There is was again. The tiny, squirting sound of newborn poop. The third time in five minutes. I kid you not.
Another diaper filled with yellow, liquid breastmilk poop. I wanted to laugh and cry at the same time.
(I realize this is the grossest introduction to a blog post ever. I’m sure in a year I’ll look back and be completed revolted, but when you are in the thick of it with newborn fluids and sounds, you lose a bit of your decency for a few months.)
This little girl poops with the best of them, but three times in five minutes was a new record.
It was almost as if I had wished it upon myself.
Micah had taken the girls on a bike ride to give me some “alone time” on a Sunday afternoon, but instead of being grateful, I was a postpartum, bitter mess. He said he would take them much earlier in the morning, but he got distracted by an NBA playoff game. The girls were destroying the house. I had served breakfast, cleaned breakfast, and got the girls dressed, huffing and puffing my way through Eisley’s solid morning nap instead of doing anything remotely restful.
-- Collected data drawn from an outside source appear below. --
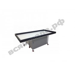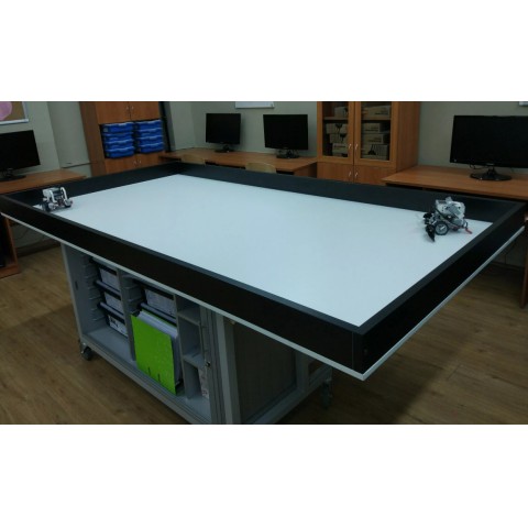 Представляет из себя полигон для роботов, на котором учащиеся смогут выполнять задания из учебных пособий. Рабочая поверхность расположена на удобной высоте и ограждена бортами со всех сторон. Размеры испытательной зоны (2460х1240 мм) позволяют разместить тренировочные поля для выполнения различных заданий. Также предусмотрена возможность хранения коробок с запиранием их на ключ. Конструкция системы позволяет изменять положение игровой поверхности – на вертикальное с фиксацией для транспортировки и хранения, на горизонтальное с фиксацией для проведения занятий. Для фиксации игровой поверхности в горизонтальном положении предусмотрены выдвижные ножки на колесах с их фиксацией в необходимом положении.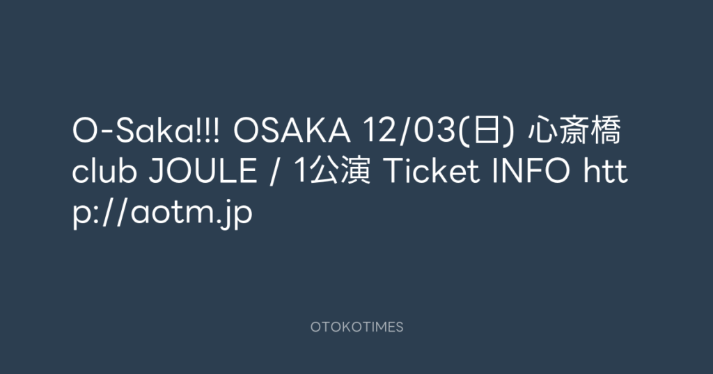 O-Saka!!! OSAKA 12/03(日) 心斎橋 club JOULE / 1公演 Ticket INFO http://aotm.jp -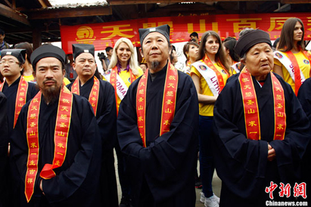 On May 6, contestants of 2012 Miss Tourism International from 60 countries and regions all over the world came to Tianzhao Mountain in Guangyuan City, southwest China's Sichuan Province. They blessed for world peace as well as paid tribute to Wu Zetian, the only woman in the history of China to assume the title of Empress in Tang Dynasty (AD 618-907).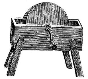 Для крупных тяжелых инструментов, например, топора нужно уже круглое точило, которое вращается при помощи ручки и все время касается нижней частью воды, находящейся в устроенном под ним корытце (рис. 25).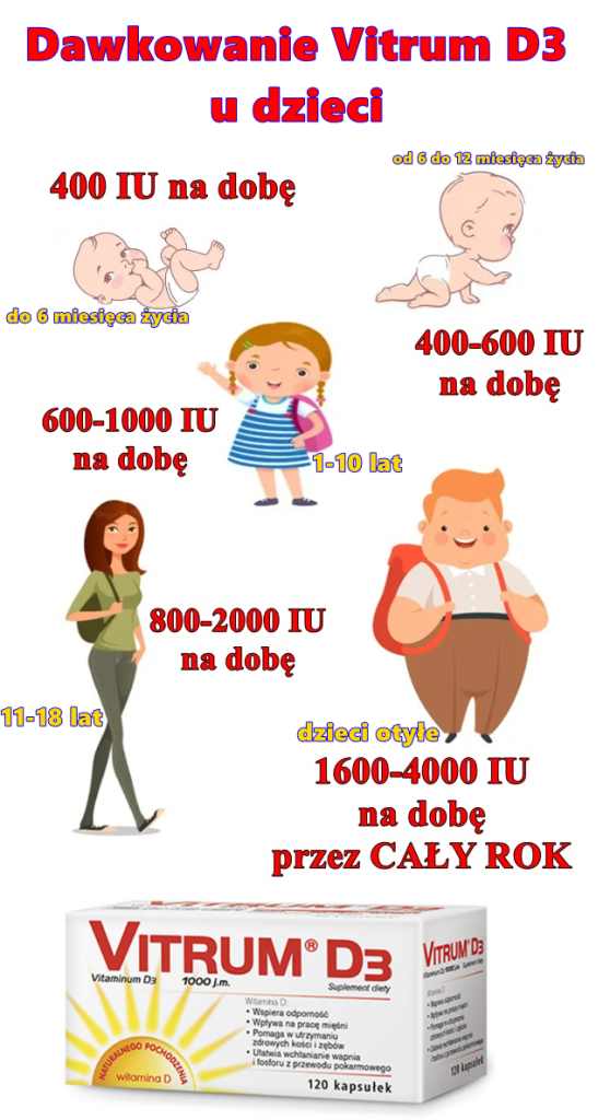 - natomiast dzieci zmagające się z otyłością powinny zażywać witaminę D3 w dawce od 1600 aż do 4000 j.m. na dobę i musi być ona zażywana podawana przez cały rok.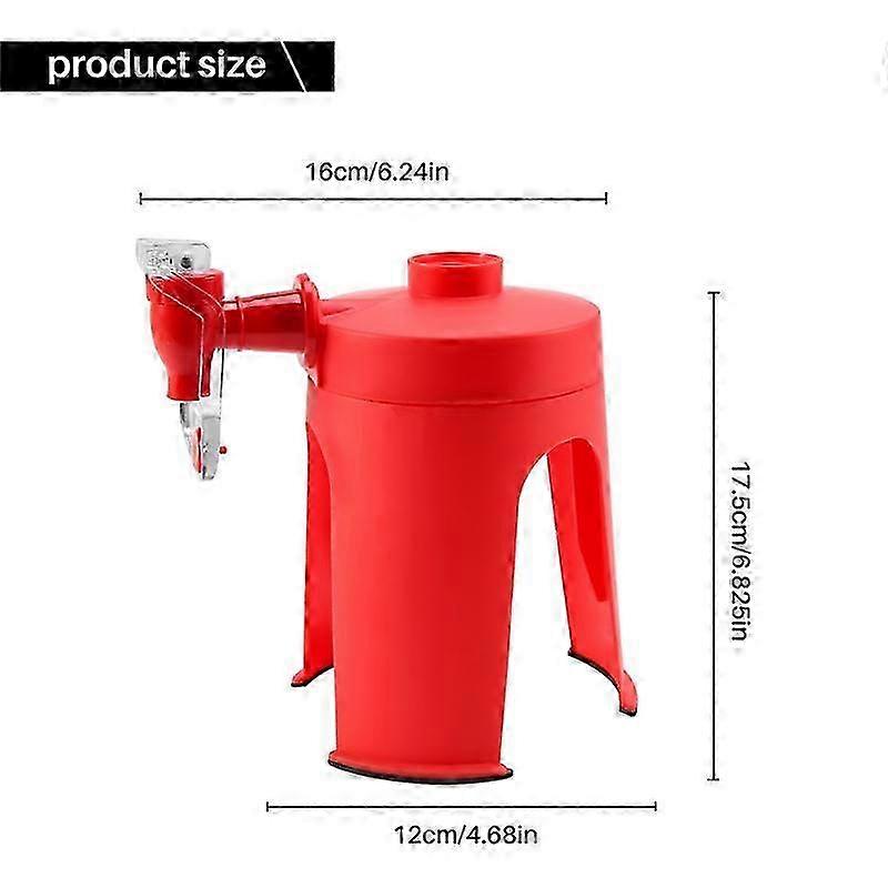 Durable plastic construction Washable and reusable. Easy for operating Offer you much convenience. will last until the bottle is empty Drink Dispenser 2-liter soda dispenser. Designed to keep soda and other carbonated beverages from going flat. Compact design, you can put it into your fridge Pour soda right from your fridge. Great for use , office, camping, entertaining and more. Color: Red Material: ABS environmental protection plastic Size(.): 16x12x17.5cm Drink Dispenser dispenser keeps drinks carbonated and dispenses right from your fridge. Simply twist dispenser onto the top of a plastic 2-liter bottle,then flip the bottle upside down to dispense drinks,the sode will stay carbonated and you can pour it right from your fridge. Package Contents: 1 x Drink Dispenser Only the above package content, other products are not included. Note: Light and different displays may cause the color of the item in the picture a little different from the real thing. The measurement allowed error is 1-3cm.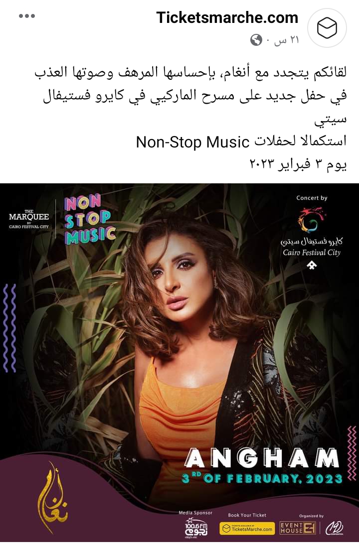 وكانت الجهة المنظمة للحفل أعلنت عبر حسابها الشخصي بموقع فيسبوك، بموعد حفل أنغام، حيث كتبت منشورًا جاء فيه: لقاؤكم يتجدد مع أنغام، بإحساسها المرهف وصوتها العذب، في حفل جديد على مسرح الماركيي في كايرو فستيفال سيتي، استكمالا لحفلات Non-Stop Music، يوم 3 فبراير 2023.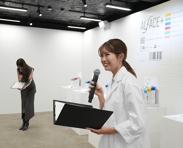 貴島明日香さん・しなこさんのトークショー タレントやアナウンサーとして活躍中の貴島明日香さんがMCを務めるトークショーでは、オルフェスのアンバサダーのYouTuber・しなこさんがスペシャルゲストとして登場。お二人のフェイスマスクを使ったリアルな肌ケア事情に会場のお客さんたちも興味津々です。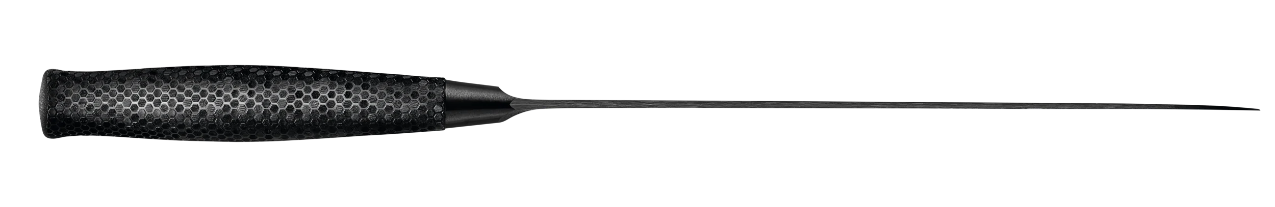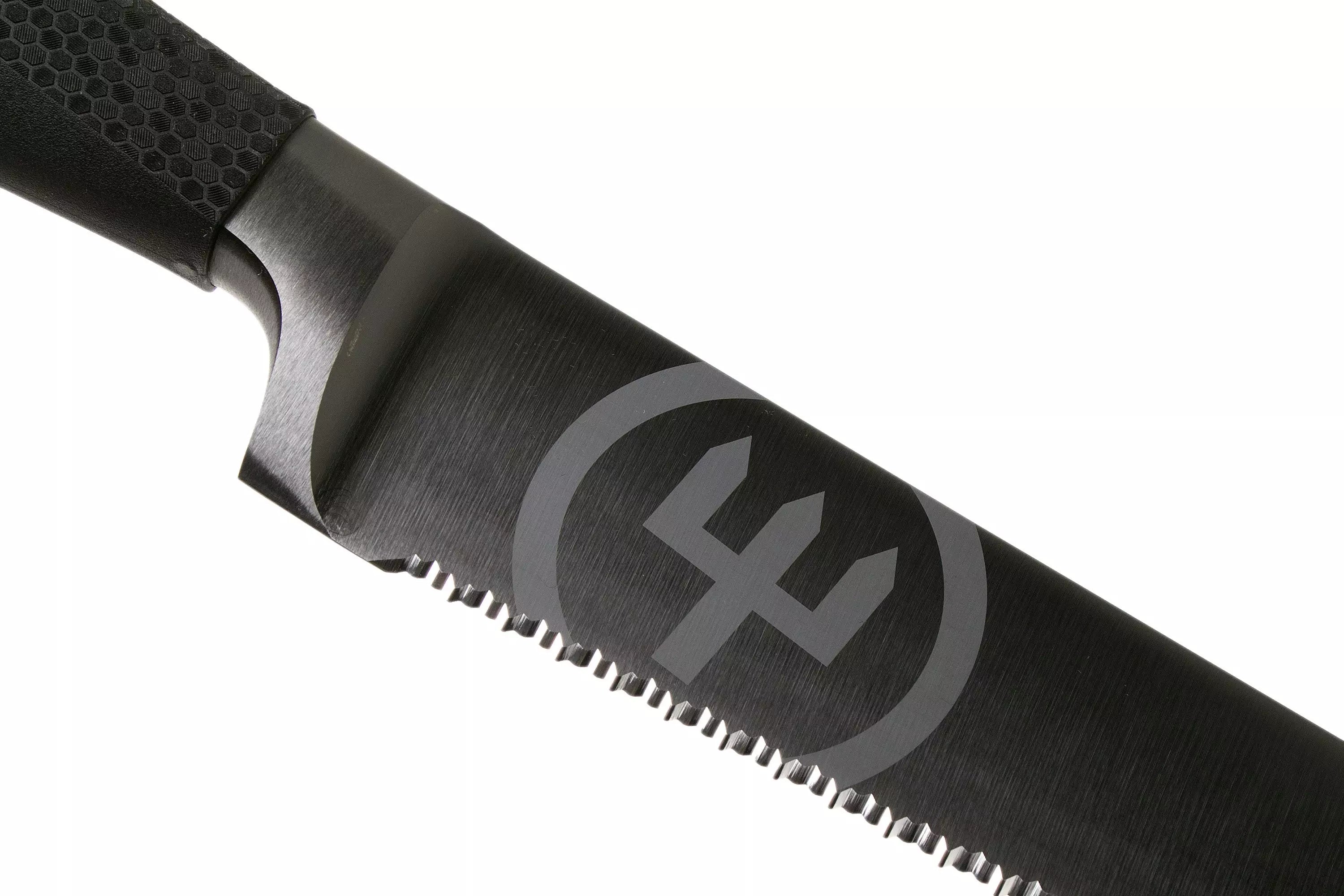 Like with other Wüsthof collections the blade is made from X50CrMoV15 steel, which was sharpened according to the PEtec method. These knives, however, are completely black, with a non-reflective black DLC coating on the blade. DLC-coating stands for Diamond-Like-Carbon-coating. A carbon structure that is used in the aviation industry. So extremely strong. The result is a blade that is well protected against scratches and acids. And, it is also amazing to look at!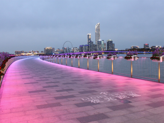 The Jinji Lake Light Track, extending along Jinji Lake, is one of SIP’s major urban renewal projects in 2024. This project focuses on upgrading the lighting facilities and control system of an overwater trestle bridge and several waterside pathways to create a continuous 15-kilometer intelligent lakeside running route and a 3.5-kilometer interactive “l(fā)ight-chasing” running path.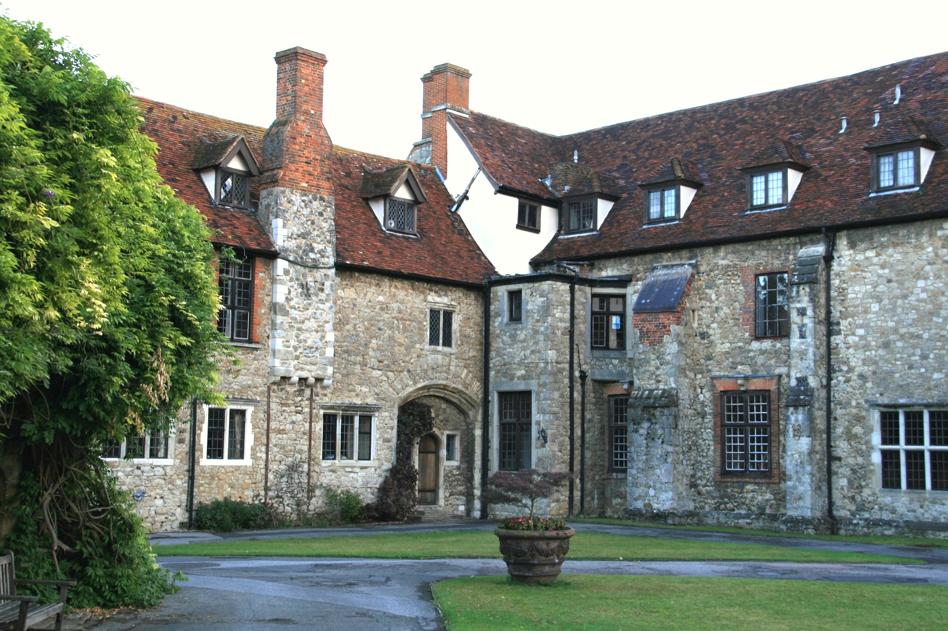 Ons verblijfadres is eenvoudig en uniek tegelijk: we verblijven in het gastenverblijf, genaamd The Friars (letterlijke betekenis van 'friar': monnik van bepaalde kloosterordes zoals de karmelieten), van een eeuwenoud gemoderniseerd klooster: de Aylesford Priory. Het klooster wordt omgeven door een parkachtige tuin van vele hectaren, direct aan het riviertje de Medway. We hebben zowel kamers die toilet en douche delen, als kamers met eigen sanitair.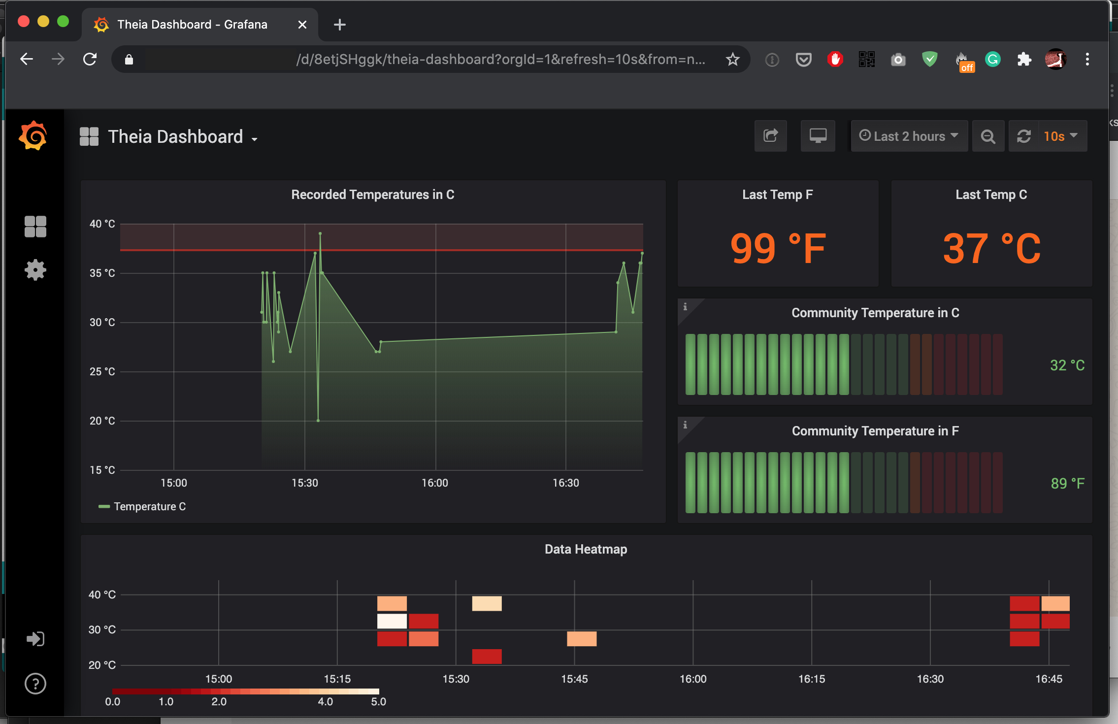 The Theia Hub listens for data transmissions in the particular, unlicensed, LoRa radio spectrum in each location and writes anonymous data points to a self-hosted InfluxDB database. The Hub interprets the data (currently limited in V1 to simple mean average calculations) and served by a Grafana self-hosted web front-end.

By the time they left, I was irate. “Now the baby is going to wake up and I’m going to spend my ALONE hour nursing,” I hissed at Micah as he walked out the door.
And it was true. I nursed the whole hour, I dealt with a record-setting number of poopy diapers, and I was just patting Eisley back to sleep when the older girls walked into the house after their hour-long bike ride.
But somewhere beneath the exhaustion, the resentment, and the tornado of postpartum hormones, I mustered a half-smile. I signed up for this. When I became a mother, I entered into a covenant with my children. I promised them, “I will lay down my life for you like Jesus laid down his life for me.” Maybe I never said those words out loud, but I agreed to them in my heart.
So even when my husband gets distracted by the NBA playoffs. Even when my preschooler uses a sassy tone for the tenth time that day. Even when my toddler is throwing a tantrum. Even when I’m hungry and tired and just want ten minutes alone…
None of it really matters. Sure, it would be nice if my older children didn’t fight over who gets the pink water bottle and if my husband were a little more sensitive to my fragile, postpartum state, but it doesn’t change my role. It doesn’t change the truth that I must live out the Gospel every day for my children.
Three poops or ten poops… I will change your diaper.
Second tantrum or fifth… I will discipline you with all the wisdom and grace and patience I can muster.
Bumped head or skinned knee caused by slightly erratic behavior as you learn to adjust to a new sibling… I will give you a hug and a band-aid too.
Just like my Savior, I lay my life down. I may give up my alone time with tears. I  may struggle against my flesh as I seek to serve my children with a smile and a gentle tone. I will surrender my body to breastfeeding a baby while a toddler climbs on my back, even when I long for no one to touch me.
Jesus surrendered his body on a cross for me. That truth will get me through the next tantrum, the next nursing session, the next poopy diaper. I count it all joy to die to myself as I worship the One who died for me.
“This is my commandment, that you love one another as I have loved you.
Greater love has no one than this, that someone lay down his life for his friends.”